Dès lors, on peut suivre les aventures de Nora épisode par épisode ou regarder l’ensemble d’un seul tenant sous forme de long-métrage. C’est le dernier moment de maîtrise du spectateur qui, quel que soit son choix, va se retrouver littéralement promené par les concepteurs de la série. D’une part, le personnage de Nora, aussi belle que désespérée, est particulièrement attachant. Accro aux amphétamines, elle vit dans sa voiture en attendant de réunir l’argent nécessaire pour louer un appartement et obtenir la garde partagée de sa fille. Le contexte social de la France de 2021 n’est donc pas du tout oublié. D’autre part, VTC est également une plongée dans un univers underground rarement vu sur les écrans. Un monde de parkings souterrains, de trafics illicites, de clients effrayés et effrayants, d’employeurs invisibles et d’hommes de main menaçants. Avec, pour relais avec cet inframonde, le smartphone de Nora sur lequel lui sont transmis les ordres auxquels elle doit immédiatement répondre. La violence est donc tout autant physique que psychique et technologique. Pour l’incarner, on retrouve au sommet de cette chaîne alimentaire, Gringe, le créateur surdoué de l’appli et du réseau, aussi dictatorial qu’invisible.
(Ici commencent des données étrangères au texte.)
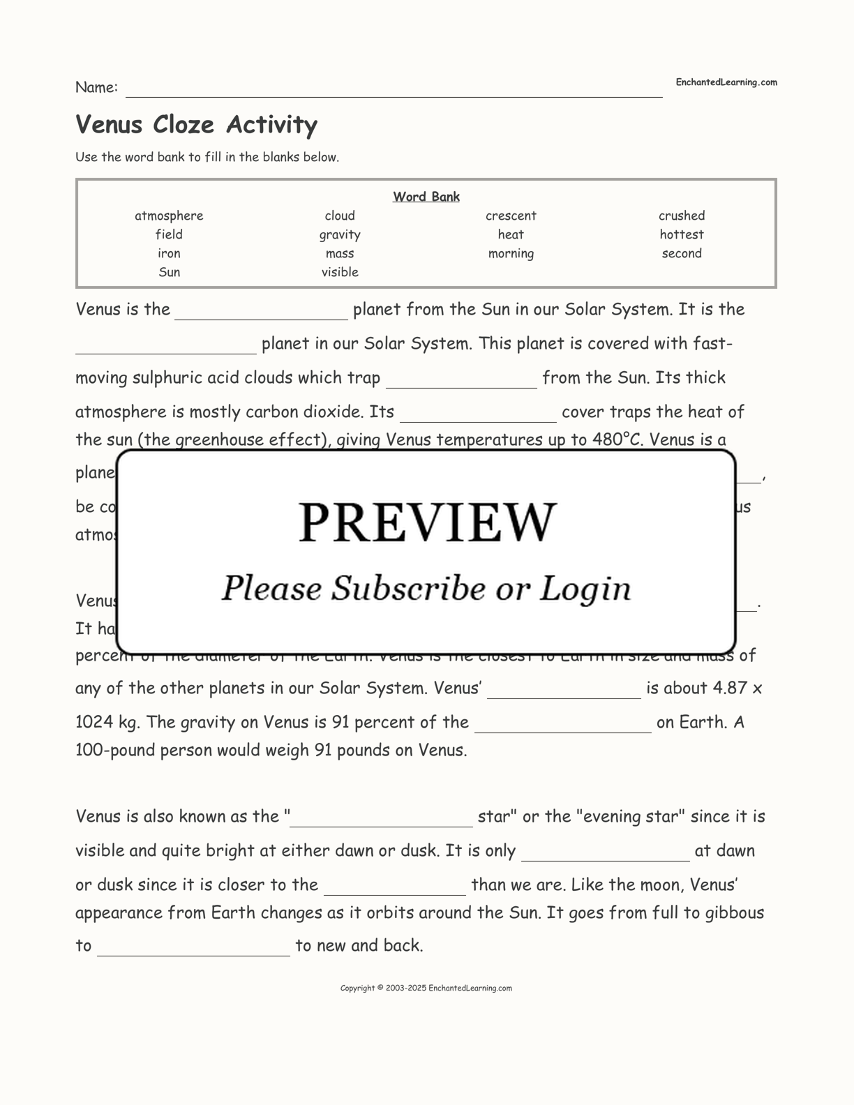 Use the word bank to fill in the blanks in this Venus cloze activity. This is a printable worksheet.

Un récit aussi fort que les séries US

Avec une forme aussi léchée – on a rarement vu Paris et sa banlieue aussi bien filmés de nuit -, VTC réussit l’exploit de rivaliser avec les séries anglo-saxonnes. On pense à DEVS d’Alex Garland (2020), la série de HBO sur une jeune femme enquêtant sur la compagnie technologique qui l'emploie, qu'elle soupçonne d'être à l'origine du suicide de son petit-ami. On pense également à THE NIGHT OF de Richard Price et Steve Zaillian (2016), autre série HBO racontant les mésaventures d’un jeune homme ayant emprunté le taxi de son père et mêlé à un meurtre. Ou encore à LOCKE, le film de Steven Knight (2013) dans lequel Tom Hardy passe toute la durée du film enfermé dans sa voiture à communiquer au téléphone. En d’autres termes, on assiste en direct à un double événement : d’un côté, les tribulations de Nora pour survivre dans un monde cynique et ultraconnecté et de l’autre, à l’avènement d’un format, d’un ton scénaristique et visuel encore jamais vus en France. La preuve ? On n’a jamais regardé notre propre smartphone pendant les cinq épisodes.

VTC, à partir du 1er novembre sur CANAL+.